**PROBLEM REQUIREMENTS**
Copy verbatim the span of lines beginning at the line that contains "1. Задняя камера2." and ending with the final line of the data. Exclude pictures from the copy.

**DATASET EXTRACT**
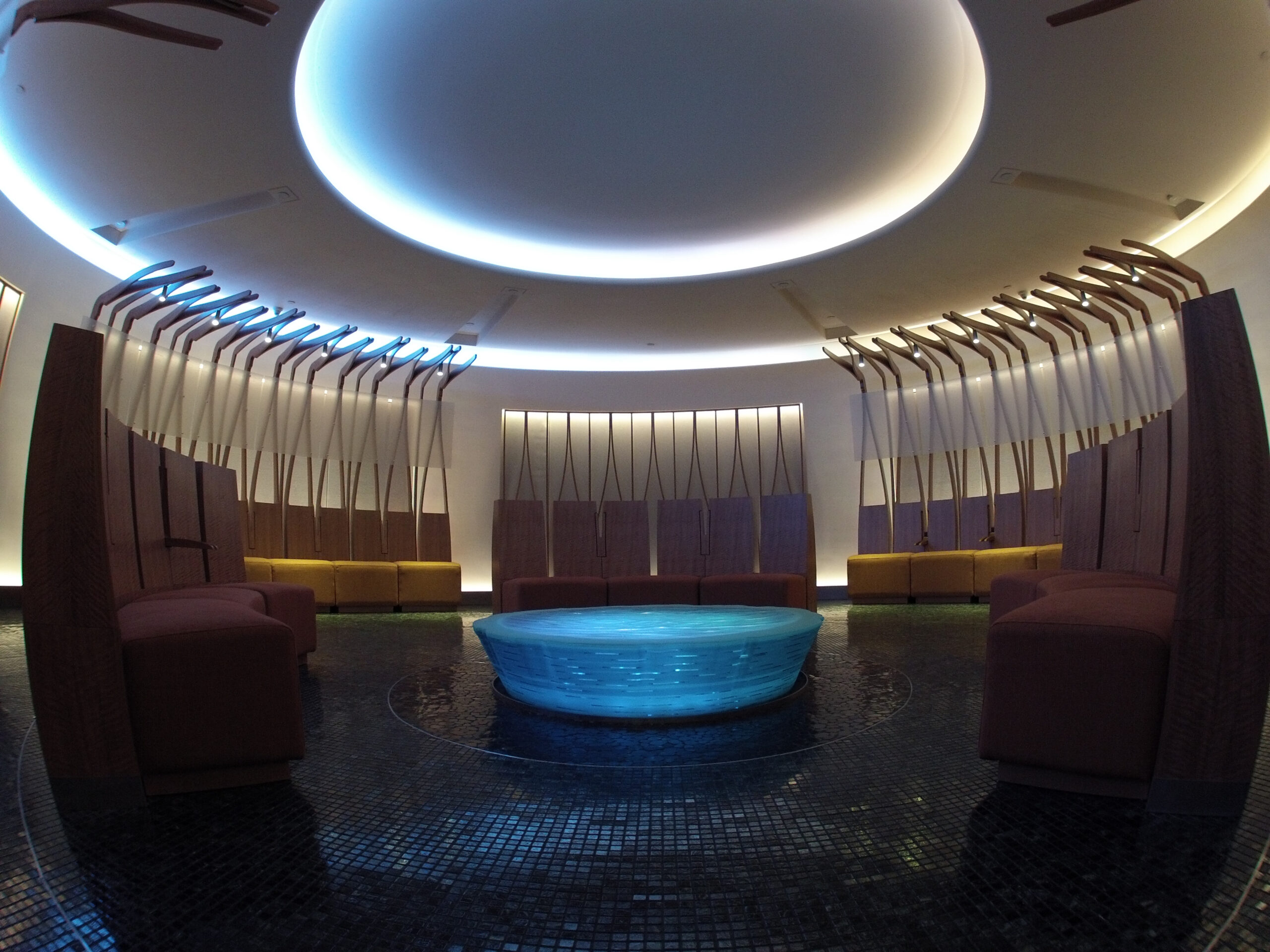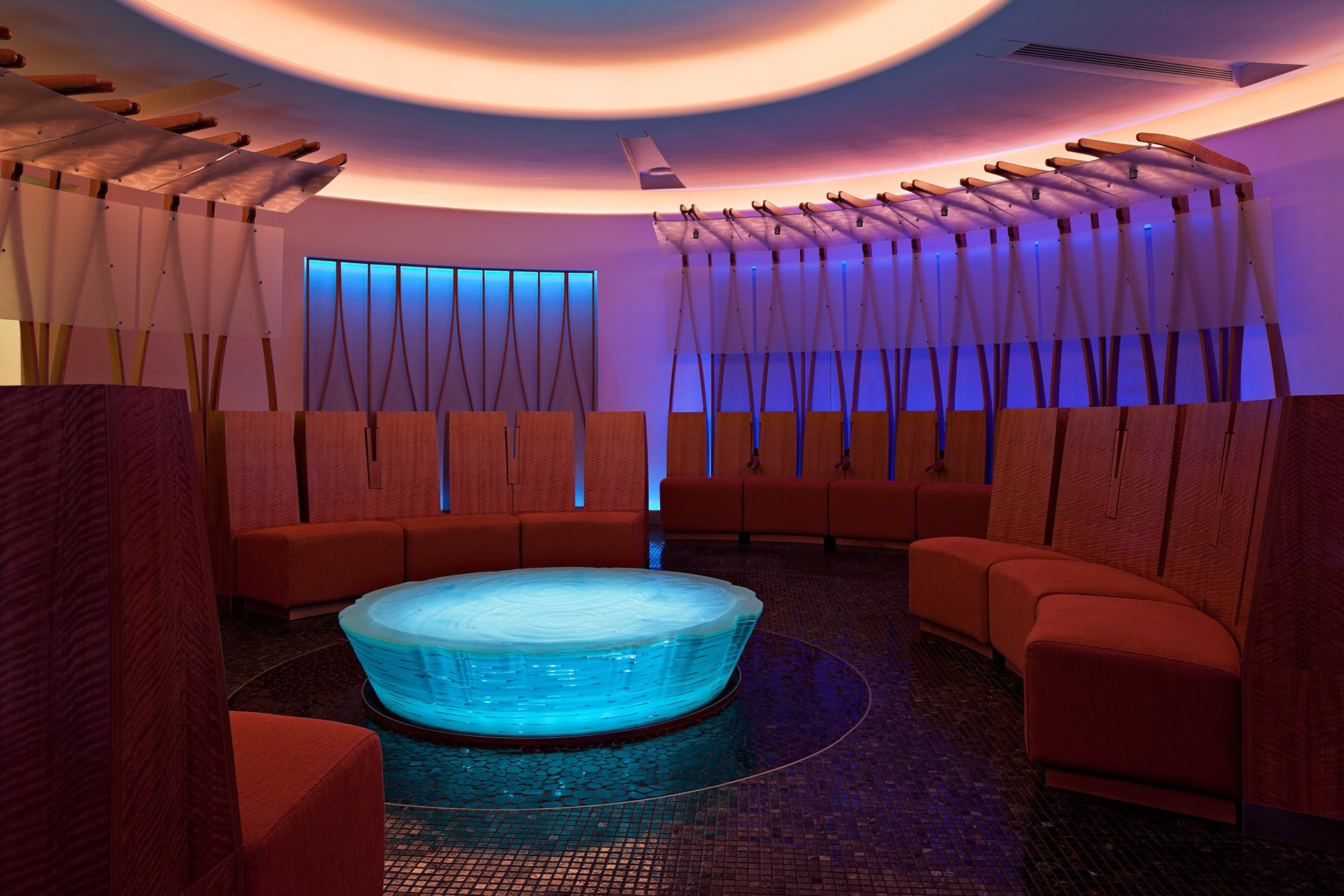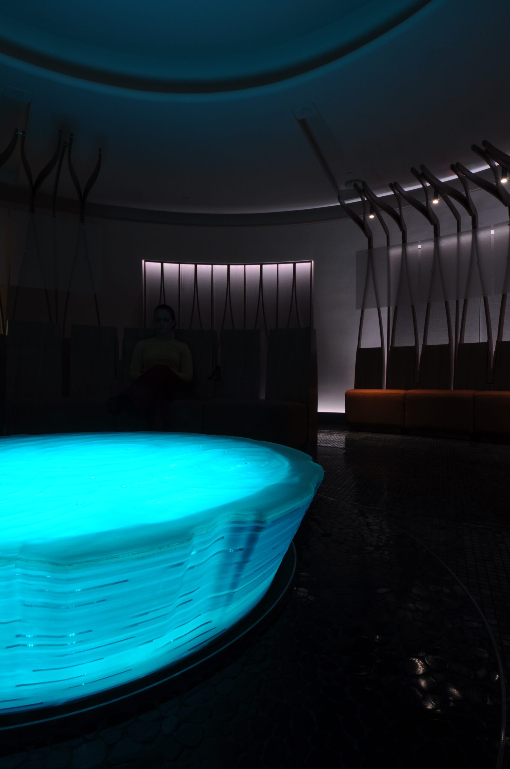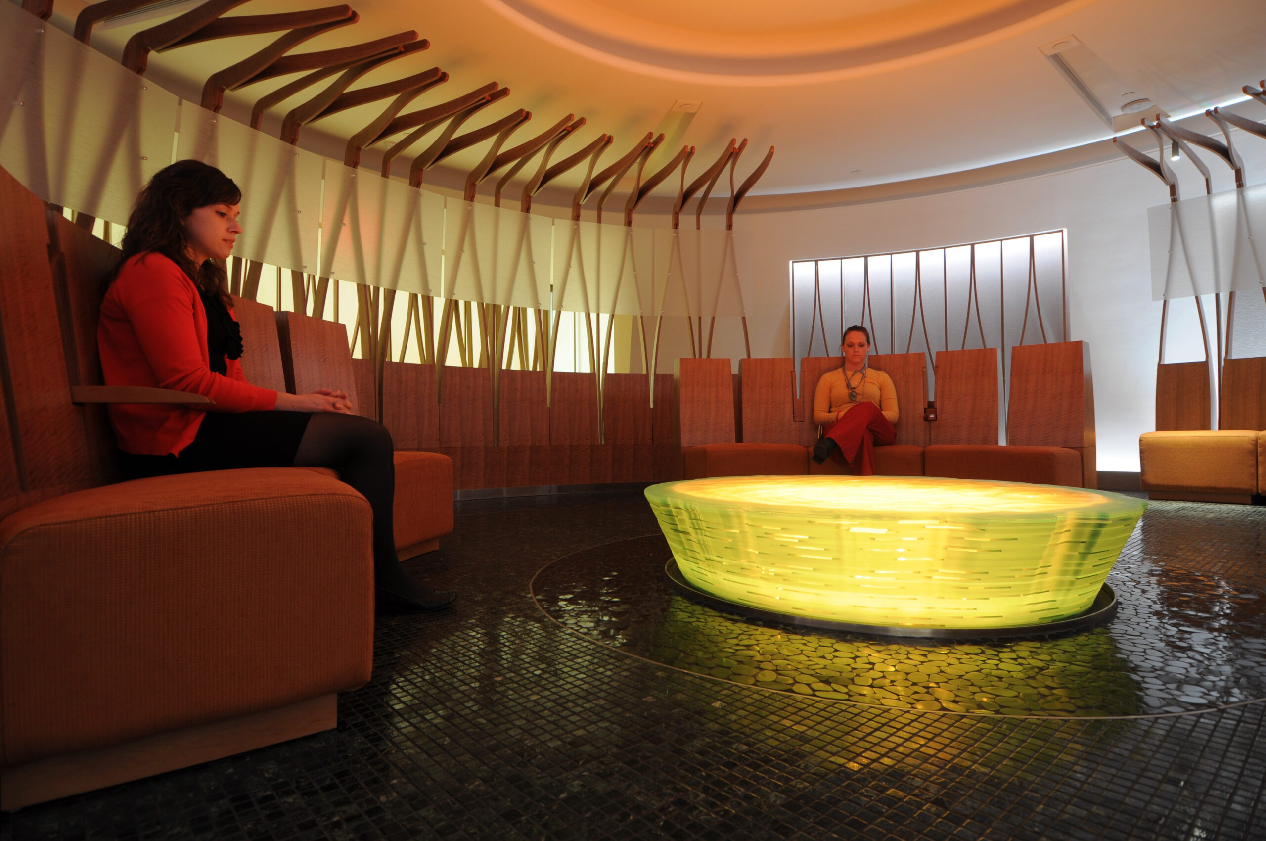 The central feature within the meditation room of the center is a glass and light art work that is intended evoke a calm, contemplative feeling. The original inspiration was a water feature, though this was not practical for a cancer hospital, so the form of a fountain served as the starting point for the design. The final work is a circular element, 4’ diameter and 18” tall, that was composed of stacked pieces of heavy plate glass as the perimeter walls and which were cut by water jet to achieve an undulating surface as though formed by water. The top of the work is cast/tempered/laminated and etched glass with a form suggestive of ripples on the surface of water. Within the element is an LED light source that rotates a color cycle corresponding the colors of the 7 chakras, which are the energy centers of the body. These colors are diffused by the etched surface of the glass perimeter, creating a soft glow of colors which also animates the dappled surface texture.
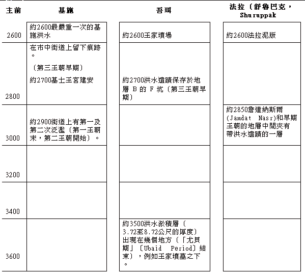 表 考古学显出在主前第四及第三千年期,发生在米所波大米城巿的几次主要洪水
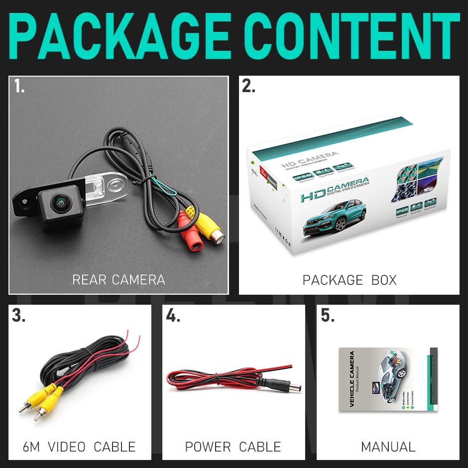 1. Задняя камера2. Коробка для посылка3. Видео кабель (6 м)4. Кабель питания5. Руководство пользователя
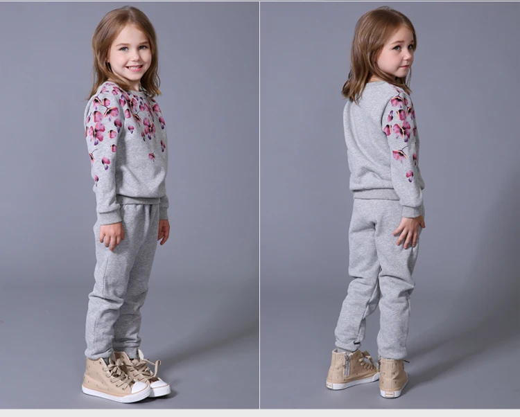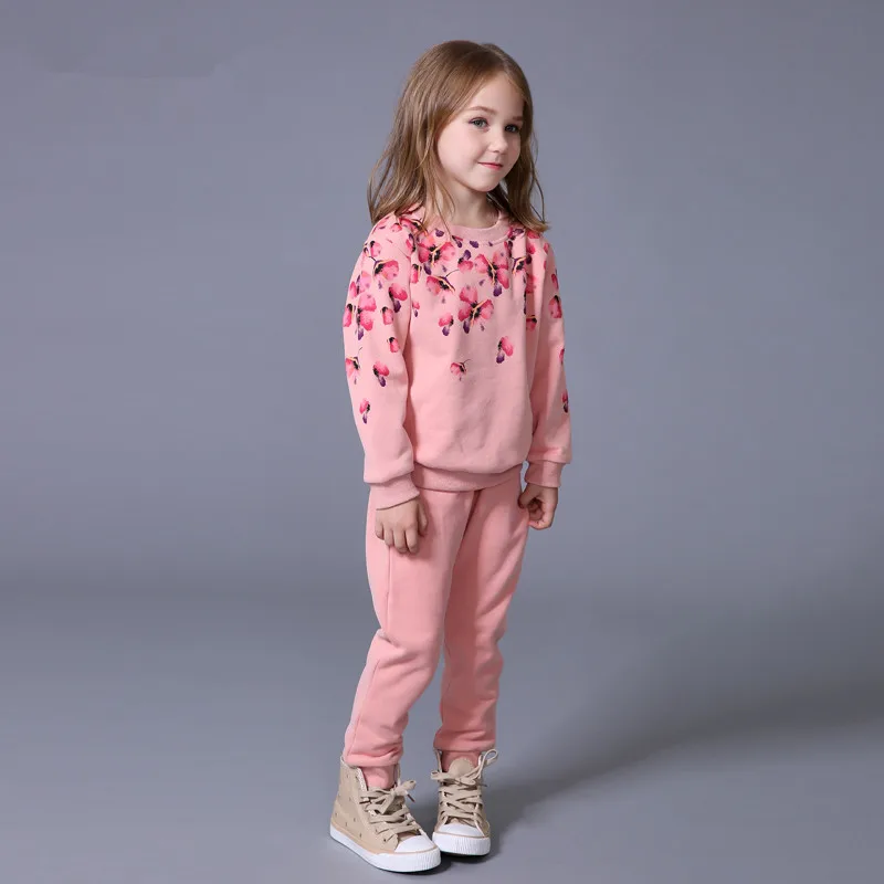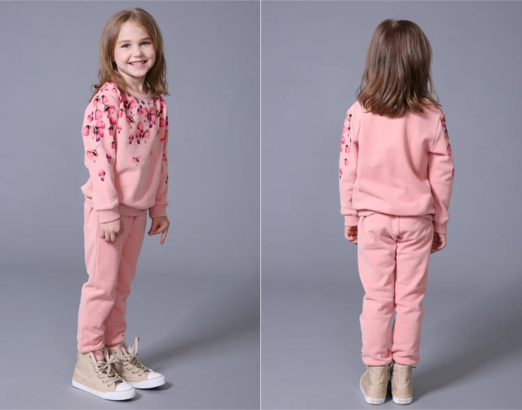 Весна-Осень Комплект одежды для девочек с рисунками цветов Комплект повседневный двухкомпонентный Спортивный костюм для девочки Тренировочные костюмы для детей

**REPLY TO THE EXERCISE**
 1. Задняя камера2. Коробка для посылка3. Видео кабель (6 м)4. Кабель питания5. Руководство пользователя
 Весна-Осень Комплект одежды для девочек с рисунками цветов Комплект повседневный двухкомпонентный Спортивный костюм для девочки Тренировочные костюмы для детей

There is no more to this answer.